This calls for a verbatim copy of all the data, with no images carried over.

──────── RAW DATA ────────

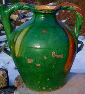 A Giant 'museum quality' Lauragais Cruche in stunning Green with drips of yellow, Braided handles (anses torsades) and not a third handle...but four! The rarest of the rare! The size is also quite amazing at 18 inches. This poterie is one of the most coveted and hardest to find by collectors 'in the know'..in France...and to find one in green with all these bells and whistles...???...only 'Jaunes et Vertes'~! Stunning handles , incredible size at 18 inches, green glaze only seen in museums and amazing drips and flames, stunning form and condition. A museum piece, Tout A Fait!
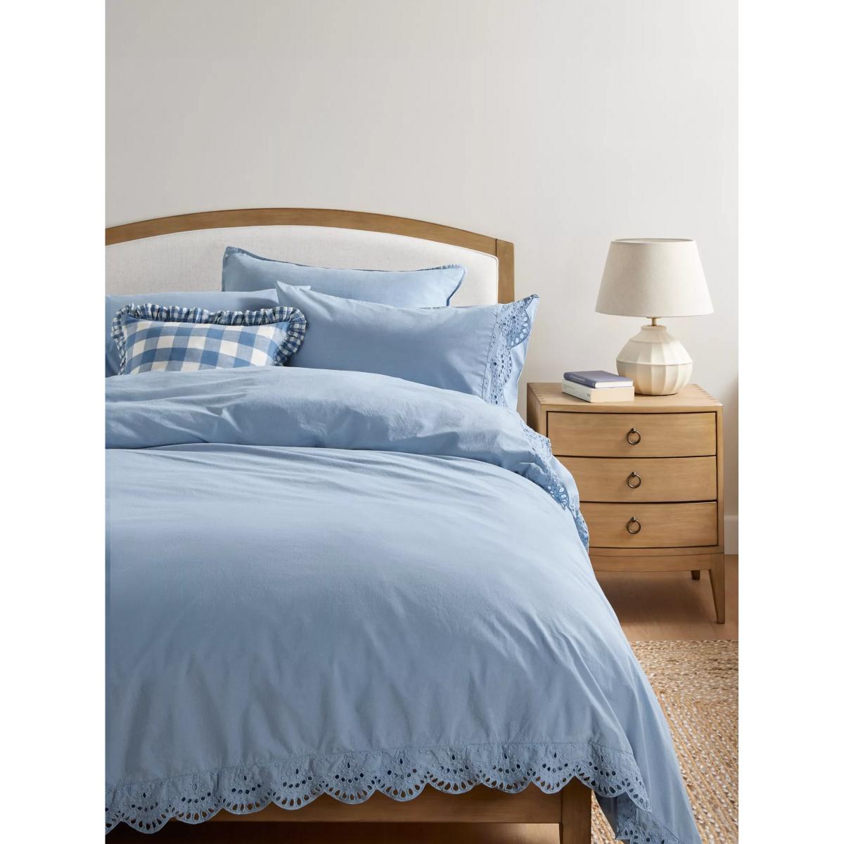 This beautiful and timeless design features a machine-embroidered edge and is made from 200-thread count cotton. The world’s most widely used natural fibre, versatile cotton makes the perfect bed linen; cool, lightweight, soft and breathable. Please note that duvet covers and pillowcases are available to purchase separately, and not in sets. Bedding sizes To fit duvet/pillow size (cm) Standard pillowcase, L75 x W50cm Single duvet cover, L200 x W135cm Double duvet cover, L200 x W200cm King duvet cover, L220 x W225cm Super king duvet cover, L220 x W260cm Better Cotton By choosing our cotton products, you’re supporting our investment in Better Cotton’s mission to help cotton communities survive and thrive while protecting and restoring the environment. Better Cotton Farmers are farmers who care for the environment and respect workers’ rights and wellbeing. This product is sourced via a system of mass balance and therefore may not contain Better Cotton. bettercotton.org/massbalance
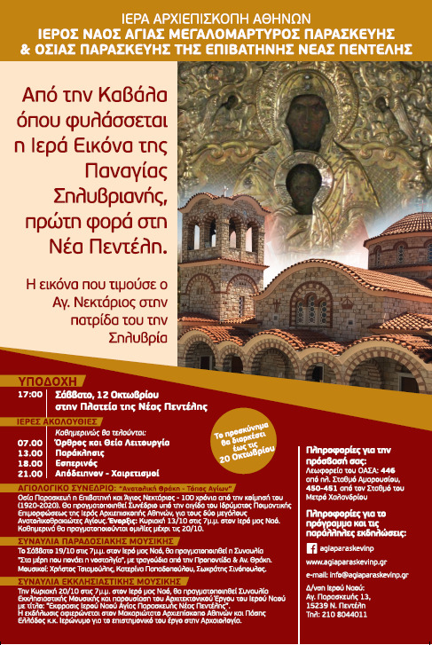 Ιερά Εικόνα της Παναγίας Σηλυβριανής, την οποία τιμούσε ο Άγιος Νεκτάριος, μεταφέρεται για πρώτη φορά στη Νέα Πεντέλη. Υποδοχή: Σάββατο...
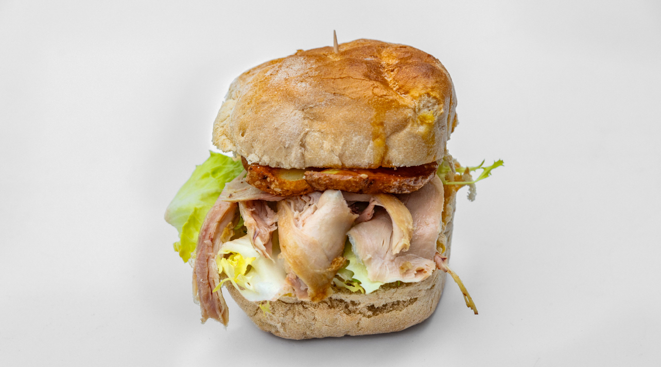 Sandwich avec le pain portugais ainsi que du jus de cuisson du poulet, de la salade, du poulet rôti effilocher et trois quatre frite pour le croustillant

────────

» ANSWER FOR THIS EXERCISE:
 A Giant 'museum quality' Lauragais Cruche in stunning Green with drips of yellow, Braided handles (anses torsades) and not a third handle...but four! The rarest of the rare! The size is also quite amazing at 18 inches. This poterie is one of the most coveted and hardest to find by collectors 'in the know'..in France...and to find one in green with all these bells and whistles...???...only 'Jaunes et Vertes'~! Stunning handles , incredible size at 18 inches, green glaze only seen in museums and amazing drips and flames, stunning form and condition. A museum piece, Tout A Fait!
 This beautiful and timeless design features a machine-embroidered edge and is made from 200-thread count cotton. The world’s most widely used natural fibre, versatile cotton makes the perfect bed linen; cool, lightweight, soft and breathable. Please note that duvet covers and pillowcases are available to purchase separately, and not in sets. Bedding sizes To fit duvet/pillow size (cm) Standard pillowcase, L75 x W50cm Single duvet cover, L200 x W135cm Double duvet cover, L200 x W200cm King duvet cover, L220 x W225cm Super king duvet cover, L220 x W260cm Better Cotton By choosing our cotton products, you’re supporting our investment in Better Cotton’s mission to help cotton communities survive and thrive while protecting and restoring the environment. Better Cotton Farmers are farmers who care for the environment and respect workers’ rights and wellbeing. This product is sourced via a system of mass balance and therefore may not contain Better Cotton. bettercotton.org/massbalance
 Ιερά Εικόνα της Παναγίας Σηλυβριανής, την οποία τιμούσε ο Άγιος Νεκτάριος, μεταφέρεται για πρώτη φορά στη Νέα Πεντέλη. Υποδοχή: Σάββατο...
 Sandwich avec le pain portugais ainsi que du jus de cuisson du poulet, de la salade, du poulet rôti effilocher et trois quatre frite pour le croustillant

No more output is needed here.